::: Supplied data :::

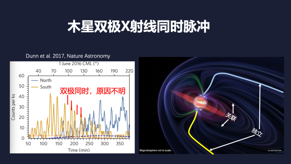 木星两极还会发出x射线,刚才我们说了图像最高纬度的地方连着磁轴的地方,它是通到太阳风里面的,对吧?北极往北通,南极往南通,所以它是相互独立的,更低一点的纬度,它磁力线是闭合的,所以说南极和北极它是关联着的。但是X射线是最高纬度,是磁磁轴附近出去的,它不应该有关联,当时我们是第一次实现了对x射线的南北极同时监测,发现了南北极居然是关联着的,这不是直接的证据说明了南北极是连着的吗?连着的你必须是闭合磁力线,不能是开放磁力线,但是怎么闭合,我是想不明白的。
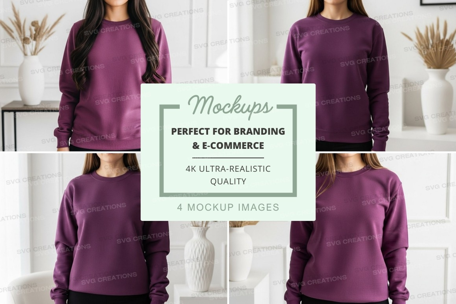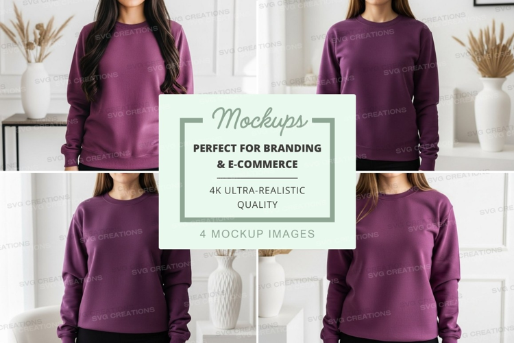 Decorative Mockup Model Purple Plants Vase Sweatshirt Home Decor Long Sleeve
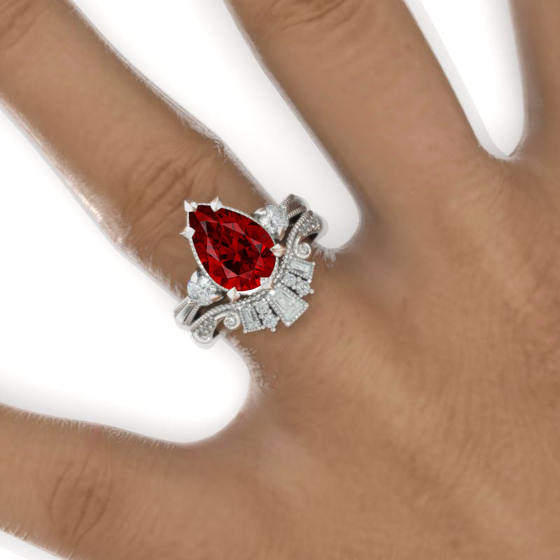 The default design option features 11x7mm Pear Center Ethically Lab-Grown Ruby AAA+ Grade VG-Cut, Ex-Polish, VG-Symmetry, Set with Colorless Moissanite Accent stones in 14K White Gold Engagement Ring Set.

:::

■ Task statement
Return the material exactly as it reads, though without the pictures it holds.

■ Result of this exercise
 木星两极还会发出x射线,刚才我们说了图像最高纬度的地方连着磁轴的地方,它是通到太阳风里面的,对吧?北极往北通,南极往南通,所以它是相互独立的,更低一点的纬度,它磁力线是闭合的,所以说南极和北极它是关联着的。但是X射线是最高纬度,是磁磁轴附近出去的,它不应该有关联,当时我们是第一次实现了对x射线的南北极同时监测,发现了南北极居然是关联着的,这不是直接的证据说明了南北极是连着的吗?连着的你必须是闭合磁力线,不能是开放磁力线,但是怎么闭合,我是想不明白的。
 Decorative Mockup Model Purple Plants Vase Sweatshirt Home Decor Long Sleeve
 The default design option features 11x7mm Pear Center Ethically Lab-Grown Ruby AAA+ Grade VG-Cut, Ex-Polish, VG-Symmetry, Set with Colorless Moissanite Accent stones in 14K White Gold Engagement Ring Set.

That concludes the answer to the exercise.